Open source software continues its meteoric rise, as more and more large enterprises weave open source code into various areas of their operations, increasingly shunning the big-name, proprietary software vendors, writes Barry de Waal, chief executive of strategy and sales at 9TH BIT Consulting.
In fact, according to open source software development company, Sonatype, represented locally by 9TH BIT Consulting, 7,000 new open source software projects kick-off around the world every week, while 70,000 new open source components are released. Accessing this massive ‘hivemind’ of software development expertise is a highly attractive prospect for CIOs and business managers in all industries.
Open source promises relief from vendor lock-in and exorbitant software costs, offering simpler and less expensive licensing models, abundant support and high-quality code that has been thoroughly stress-tested ‘in the wild’.
The issue
But, of course, there’s a catch. It’s estimated that one in 16 open source software components has security vulnerabilities, Sonatype states in its “State of Software Supply Chain” report.

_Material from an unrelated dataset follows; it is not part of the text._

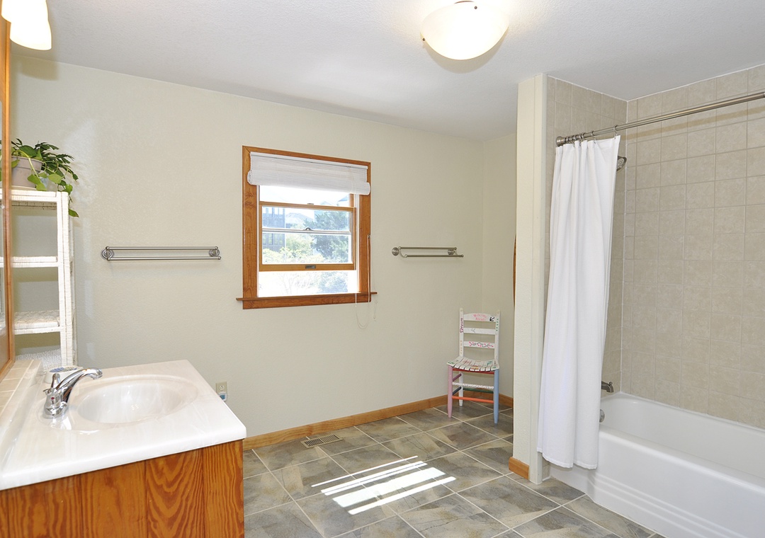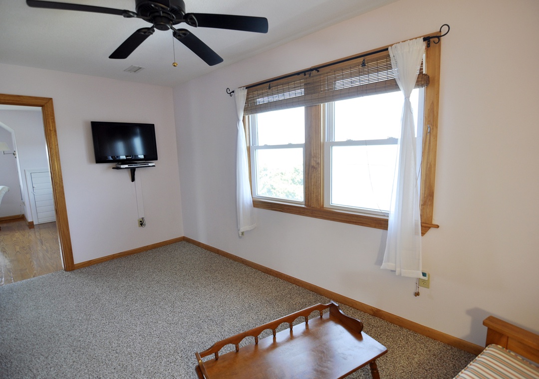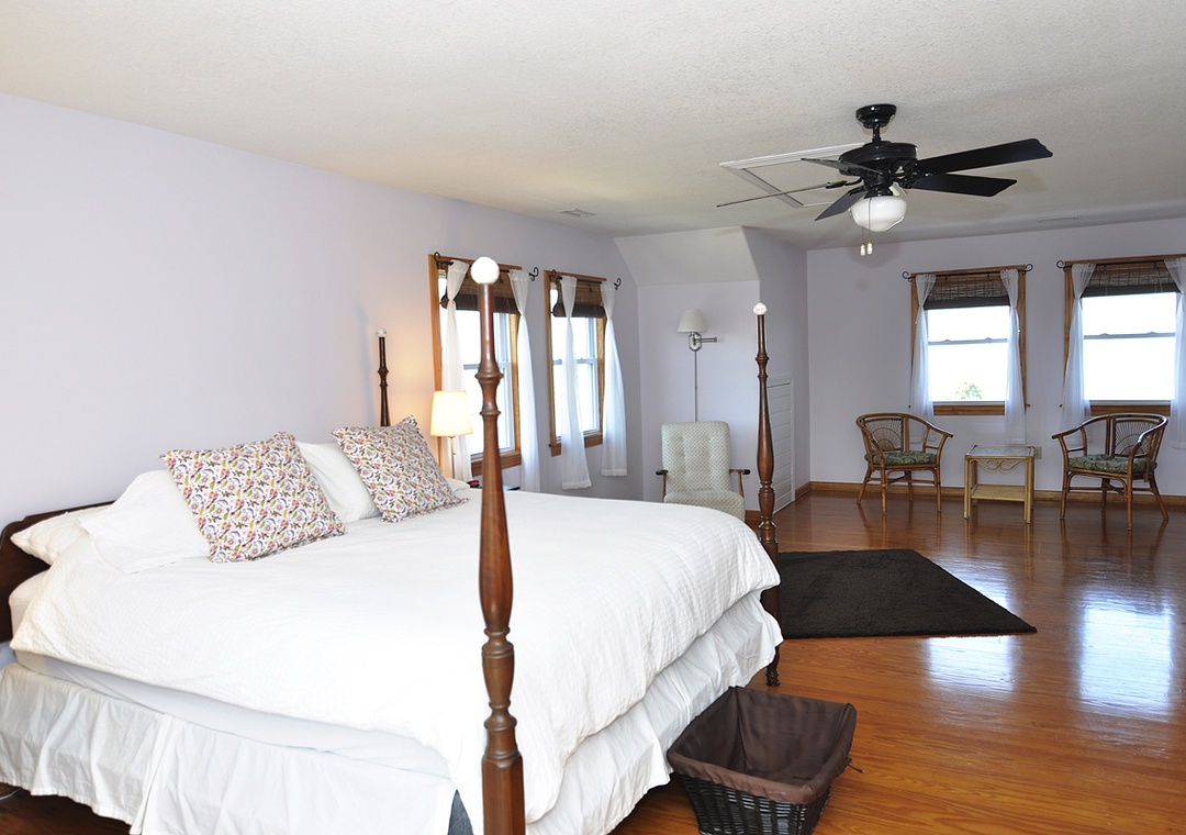Second Floor: Primary Bedroom with King bed and Primary Bath with shower. Bedroom with 1 twin and 1 double bed. Sitting Area with TV.

The study also affirms that between 2014 and 2017, there was a 50 percent increase in breaches that were either suspected to be, or proven to be related to open source components.
In an era of rapidly-escalating cyber-threats, this poses a huge problem for businesses considering a wholesale embrace of open source.
The challenge is to find innovative ways of harnessing the power of open source, while retaining strict security controls — ensuring that any vulnerabilities do not infect or penetrate the broader software development lifecycle.
What to look for in your development platform
Firstly, it’s crucial to establish security standards and policies that meet your specific business goals, risk mandates, or regulatory compliance requirements. Depending on the type of organisation, these policies will look very different.
Across the entire DevOps value chain, these policies will need to be met — for every software component, used within any of the myriad of development tools that you may use.
Your software development platform should certainly have an impenetrable firewall which analyses every aspect of each component before it fully enters the DevOps value chain, quarantining and rejecting anything suspicious or anything contra to your security policies.
In fact, these components need to be continually and thoroughly re-checked against agreed policies on a regular basis. These repository ‘healthchecks’ show the issues that are in greatest need of remediation, or pose the most severe risk (allowing you to prioritise your next actions).
Your platform should also include component intelligence services which help developers to better understand the risks and threats, and ultimately make safer component selections from the very beginning.
It should also give you realtime visibility over the entire DevOps value chain and software lifecycle, showing all of the components that are in-use, clearly mapping their interdependencies and relationships.
Open source software has tremendous application in modern-day software development, allowing staff to focus on the ‘differentiators’ (the bespoke code which becomes the organisation’s strategic asset), while building highly-automated, DevOps-style software delivery practices for everything else. However, to ensure success, CIOs need to place a concerted focus on security, borne out through a robust and intelligent digital development platform, to unleash the true power and value of open source.